Optimize the blend of load management (MCLM scenario) with grid-injected generation (IPP scenario) to maximize savings / revenue.
Consider load-following as an alternative option to constant capacity-support for the MCLM scenario, provided the supply exceeds the necessary demand.
23
SUMMARY OF RESULTS
Based on the operating scenarios used in this study, one hundred 550kW DG-WTG Hybrid systems could deliver:
168 GWh/year from wind energy with an average wind speed of 7m/s; and,
11 GWh/year from diesel fuel – when supplying capacity for an average of 200hours/year.
This represents an average generation of 20MW, and a peak capacity delivered when required of 55MW.
The diesel gensets could alternatively be run on biodiesel – the potential exists for biodiesel to compete on price with ordinary diesel at the pump.
24
CONCLUSIONS I
Our research has focused on the provision of capacity support to the network from embedded generation, at sizes down to the smallest level.
All embedded generators should be able to obtain a price for exported energy that at least reflects the pricing structure imposed on them by the supply industry for the purchase of energy –minus a regulated administration charge.
This arrangement is not currently available to general customers as of right.
25
CONCLUSIONS II
This study demonstrates the impact that a fair payment for delivery of firm capacity can have on the economics of embedded generation.

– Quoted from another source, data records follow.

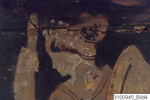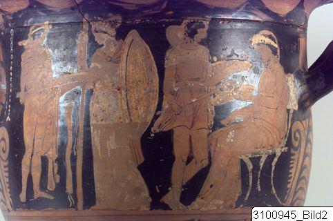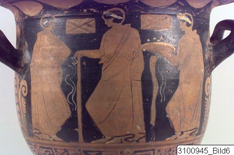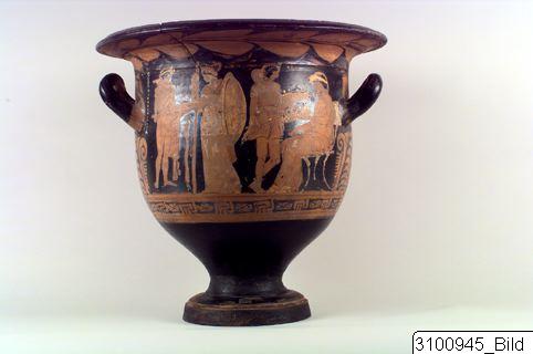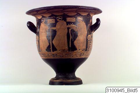 Bell krater. Wide mouth; grooved, overhanging rim; rather tall body; raised, horizontal handles at upper body; lower body tapering to a short stem; grooved base. Reddish brown clay; black glaze; added white and yellow. Reserved band on inside of rim; reserved laurel branch on outside; A: to the left Herakles, dressed in his lion’s skin, holds his club in his right hand and a phiale in his left; to his right Athena with shield and spear, wearing a kekryphalos, chiton and aegid; in the upper field to the left a string of white beads; between the couple a suspended fillet with added white; to the right of Athena, Hermes in short chiton, chlamys, boots and petasos holds his staff in his right hand and a phiale in his left; to the right Dionysos in stephane and a draped himation, is seated on a white klismos and holds up a phiale; B: three standing youths in himatia and white stephanai/fillets; the youth in the centre holds a staff with white bands attached to it, the one to the right a phiale with added white and yellow, and a fillet with white bands; in the upper field two cistas decorated with white; reserved handle panels; rays at base of handle attachments; below handles large palmettes and tendrils; below figures an encircling band of meanders and dotted saltire squares.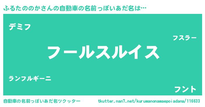 | 男性向けラノベタイトル風あだ名 | 『転生したらふるたののかだった件』 |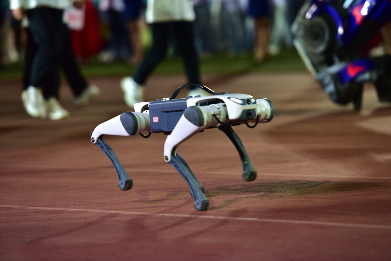 本次开幕式上,人形机器人模型擎天柱、大黄蜂以其高大威猛的形象成为了人群中的焦点,极大地激发了学生们对科技创新的兴趣,展现了计算机科学的无穷魅力。形态逼真的轮腿式平衡机器人由天游8线路注册检测中心机器人与人工智能创新中心的师生自主研发,集成了多种先进的人工智能技术,具有精准的动作和灵敏的反应,能够灵活地完成各种复杂的动作,充分展示了我校在人工智能和机器人技术方面的成功探索。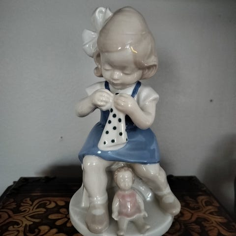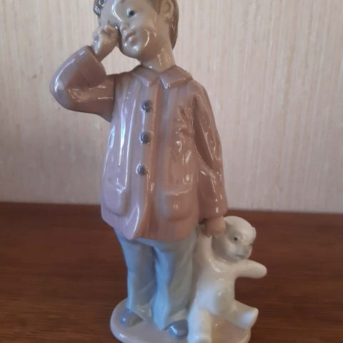 Figur av et barn med hund, laget av porselen. Figuren viser et barn kledd i blått med en stav, stående ved siden av en hund.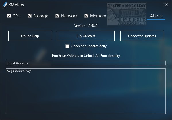 XMeters provides configurable system statistics including CPU, network, memory, and more right in your system tray.

There is no reason why similar or even better capacity support cannot be delivered from sufficient micro-scale household generation and / or mini-scale commercial level generators to produce the same accumulated (amalgamated) capacity.
There should be no barrier to any customer (including general customers) getting a return from network support.
26
CONCLUSIONS III
It is apparent that there are many mini- and small-scale renewable generation projects that are close to viability.
These projects could make a positive contribution, in conjunction with traditional energy infrastructure, towards alleviating looming energy supply problems.
Overseas, such desirable emerging technologies are usually given “kick-start” incentives to allow the market to become self-sustaining.
These pragmatic approaches to developing a new industry are not yet taken seriously in New Zealand.